REPUBLIKA.CO.ID, MANILA -- Filipina dan Vietnam tidak tinggal diam dengan keberadaan kapal-kapal China di Laut China Selatan. Vietnam mendesak agar Beijing menghormati kedaulatan maritimnya. Sementara Presiden Filipina Rodrigo Duterte menyatakan kekhawatirannya ihwal keberadaan ratusan kapal tersebut.
Kecemasan internasional telah meningkat dalam beberapa hari terakhir setelah lebih dari 200 kapal China, yang diduga diawaki oleh milisi militer, berkumpul di laut China Selatan. Filipina merasa terancam dengan kehadiran ratusan kapal tersebut.
Kapal-kapal itu ditambatkan di kawasan Whitsun Reef, zona ekonomi eksklusif Manila sepanjang 200 mil. “Presiden mengaku sangat prihatin.

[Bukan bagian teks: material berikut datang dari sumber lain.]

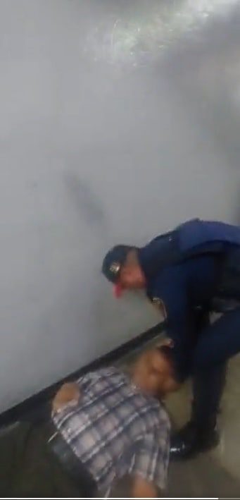 Uno de los uniformados le levanta la cabeza y el hombre parece reaccionar bien.
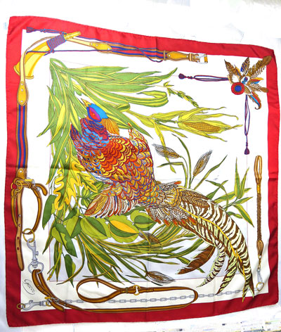 OLD Gucci シルクスカーフ(鳥柄 赤系)

Setiap negara akan cemas dengan jumlah kapal itu,” kata juru bicara Presiden Duterte, Harry Roque, seperti dilansir dari Reuters pada Kamis (25/3).
Brunei, Malaysia, Filipina, Taiwan, China, dan Vietnam memiliki klaim teritorial yang disengketakan di Laut Cina Selatan.
Duterte dilaporkan telah mengirim pesan kepada duta besar China, Huang Xilian untuk memperjelas hak kedaulatan maritim Filipina, di tengah klaim China. Kedutaan China di Manila tidak menanggapi permintaan komentar atas pertemuan Duterte.
Namun pada Rabu, China membantah ada milisi di atas kapal. China mengklaim bahwa kapal-kapal di Whitsun Reef hanyalah kapal penangkap ikan yang berlindung dari laut yang ganas.
Sementara itu, Juru bicara Kementerian Luar Negeri Vietnam Le Thi Thu Hang pada Kamis mengatakan bahwa kapal-kapal China di terumbu karang, yang oleh Hanoi disebut Da Ba Dau, telah melanggar kedaulatannya.
"Vietnam mendesak China menghentikan pelanggaran ini dan menghormati kedaulatan Vietnam," kata Hang dalam arahan reguler.
Kapal penjaga pantai Vietnam terlihat ditambatkan di dekat daerah yang disengketakan pada hari Kamis, menurut data pelacakan kapal yang diterbitkan oleh situs web Marine Traffic. Hang mengatakan bahwa penjaga pantai Vietnam telah menjalankan tugas sebagaimana diatur oleh hukum, termasuk hukum internasional.